Skal, vita da eroe: dal sisma di Haiti ai campi dorati Nba
Joseph Campbell era un saggista e uno storico delle religioni americano. Ispirandosi a Jung e alle figure archetipiche che, secondo lo psicologo svizzero, sono collocate nell'inconscio collettivo, scrisse nel 1949 un libro destinato a cambiare il futuro della narrazione. La sua intuizione fu di identificare quegli archetipi che stanno alla base di tutti i miti e grandi storie della letteratura, del cinema, del teatro. Il libro si intitola Il viaggio dell'eroe e ha influenzato generazioni intere di scrittori, drammaturghi e registi, tra i quali George Lucas, autore della saga "Star Wars".
Campbell identifica varie fasi attraverso le quali passano, quasi inevitabilmente, le vite degli eroi, in carne e ossa, mitologici o letterari. L'eroe ha una nascita misteriosa, una grande difficoltà iniziale da superare, una fase liminare (una specie di ritiro dalla società dove apprende una lezione, molto spesso aiutato da un mentore) e infine un ritorno (eroico, appunto) alla società stessa.
Più volte, qui, ho sostenuto la tesi che lo sport rappresenti l'epica dei nostri giorni. Gli eroi sportivi rappresentano oggi il nuovo versante della narrazione mitologica. Proprio come nella storia di Skal Labissiere, giocatore di basket Nba, rookie (esordiente nel campionato professionistico) scelto come numero 28 dai Sacramento Kings. Il ragazzone è alto 211 centimetri ed è nato il 18 marzo 1996 a Port of Prince, capitale di Haiti. Quattro giorni fa ha festeggiato il suo ventunesimo compleanno, un numero di primavere che, apparentemente, sembrerebbero ancora poche per primeggiare in un campionato così straordinariamente complicato.
Tuttavia Skal le più grosse complicazioni della sua vita le ha risolte il pomeriggio del 12 gennaio 2010, quando un catastrofico terremoto sconvolse la sua isola, causando 230.000 morti. Skal Labissiere, aveva 14 anni, un sogno grande nel cuore e un canestro in giardino. Quel canestro gli salvò la vita: «Eravamo in auto con mio padre, stavamo tornando a casa dopo l'allenamento e lui vide che il canestro artigianale che avevamo montato sul retro della casa aveva il ferro incrinato. Non so per quale motivo, ma decise di non entrare subito, ma di restare fuori a metterlo a posto. È stata la nostra salvezza».
Skal pensò a lungo al suo canestro arrugginito e alla Nba nelle tre ore che trascorse sotto le macerie, finché il padre, risparmiato dai crolli perché in giardino a sistemare quell'anello di ferro, lo tirò fuori.
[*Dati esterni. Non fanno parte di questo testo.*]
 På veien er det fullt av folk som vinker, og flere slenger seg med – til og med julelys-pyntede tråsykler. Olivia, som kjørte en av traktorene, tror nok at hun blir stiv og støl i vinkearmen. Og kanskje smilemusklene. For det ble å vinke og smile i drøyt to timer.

Giovedì scorso, ottantasei mesi dopo quel pomeriggio e due giorni prima del suo compleanno, ha portato i suoi Kings alla vittoria contro i Phoenix Suns, acchiappando 11 rimbalzi e segnando 32 punti, tra cui tutti gli ultimi 16 della sua squadra. Del terremoto dice: «È stata un'esperienza terribile, ma una volta superata, è stato più facile per me raggiungere gli Stati Uniti e l'Università di Kentucky, dove ho incontrato colui che ha cambiato la mia vita: coach John Calipari».
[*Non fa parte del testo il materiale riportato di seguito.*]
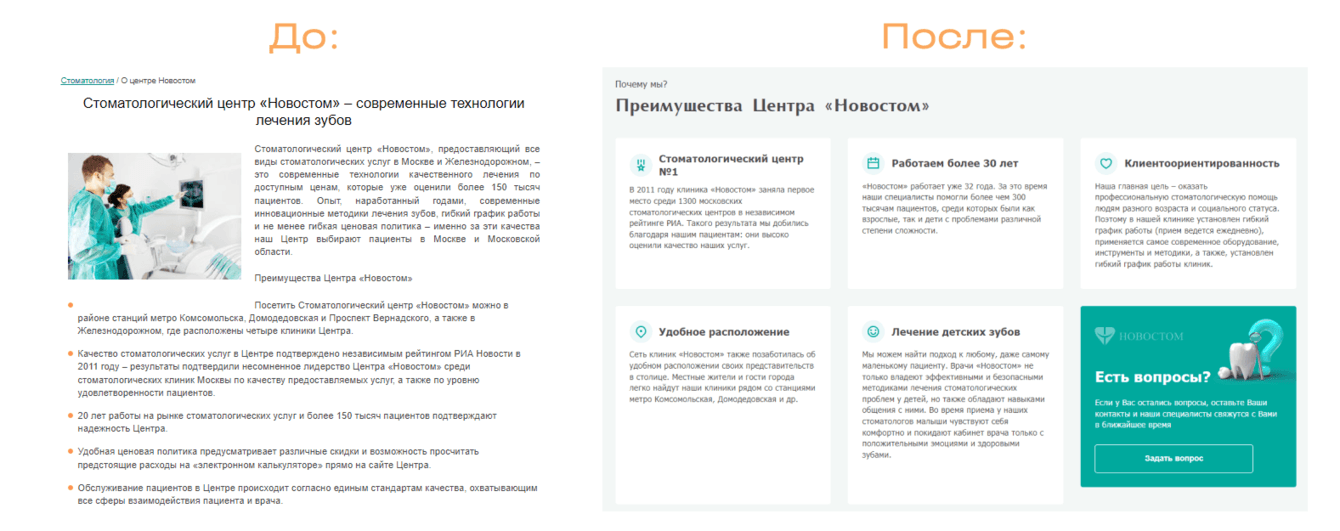 В декабре 2022 года к нам обратилась сеть московских стоматологий «Новостом». Клиент столкнулся с тем, что на сайт приходил трафик, но в основном он был информационный и редко конвертировался в продажи.

Già, il viaggio dell'eroe: il suo venire al mondo nell'isola misteriosa, la grande difficoltà superata, il mentore e il ritorno trionfale. C'è tutto. Un altro regalo dello sport al mondo, l'ennesima prova della sua capacità di ispirarci. «Ho un sacco di buoni motivi per guardare al futuro – chiude Skal Labissiere – nella vita come sul campo da basket. E non voglio più dare nulla per scontato». Centro. Anzi, canestro.